Granata found, she says, that those brain cells actually start expressing and releasing these proteins earlier in female rats that have been exposed to maternal separation. She has identified a specific receptor — CRH-R1— in the hypothalamus that suppresses preliminary puberty and gets affected by chronic stress stimulation.

“You can think of this as there’s always a battle between a go signal and a stop signal [in the brain],” Granata says.

Stress hormones usually act as “brakes” on puberty, she says, because they cause the receptor CRH-R1 to suppress the release of hormones essential for puberty. So they hypothesized that it is not one stressful event but chronic stress that wears down puberty brakes, or reduces responsiveness of the receptor to stress hormones. 

That unleashes a cascade of signaling in the brain and in the body. 

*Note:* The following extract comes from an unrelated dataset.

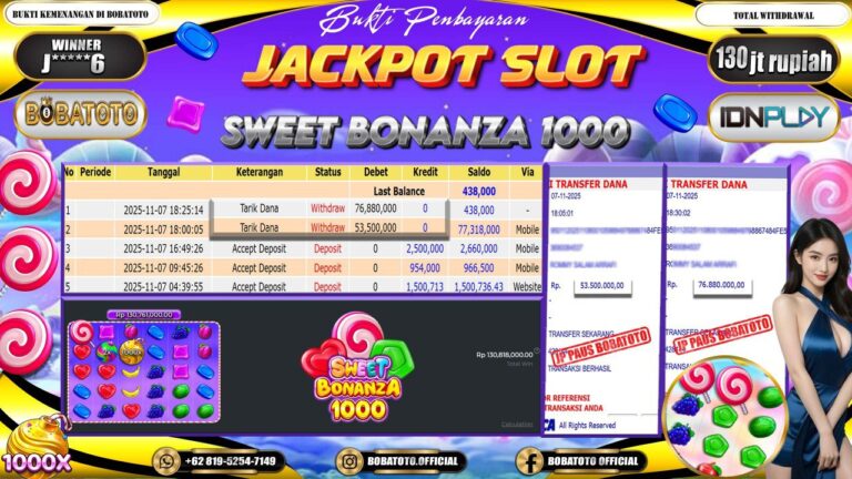 BOBATOTO – Selamat kepada User id : J*****6 Telah berhasil mendapatkan kemenangan besar pada permainan SLOT SWEET BONANZA 1000 Dengan kemenangan Sebesar Rp.130,000,000,-. Setelah mengisi formulir withdraw dengan kurung waktu hanya 5 – 10 menit pihak bobatoto sudah melakukan transfer kepada pemilik Userid dan dana sudah dapat di cairkan oleh pemenang. Bukti pembayaran yang kami berikan merupakan bukti pembayaran yang SAH…

“Now all of the go signals just have free reign to just say go ahead. It’s time for puberty,” Granata says.

The hypothalamus releases specific hormones that tell the system to release the brakes and produce estrogen and testosterone that are involved in the growth and maintenance of reproductive tissues.

The scientists did not observe accelerated puberty in male rats also exposed to maternal separation.

To study the relationship between adversity and childhood trauma and anxiety in adolescents and adults, the scientists used acoustic startle — startle noise bursts interrupting white noise background — on female rats after puberty. The experiment showed significant negative correlation between the age of puberty and the magnitude of response to the acoustic startle, which is associated with disorders. 

A rat that had earlier puberty, Granata says, experienced higher levels of anxiety in adolescence.

She hopes these findings could be used to potentially create interventions and treatments for girls who are at a higher risk of anxiety and depression in adolescence and adulthood because of early puberty.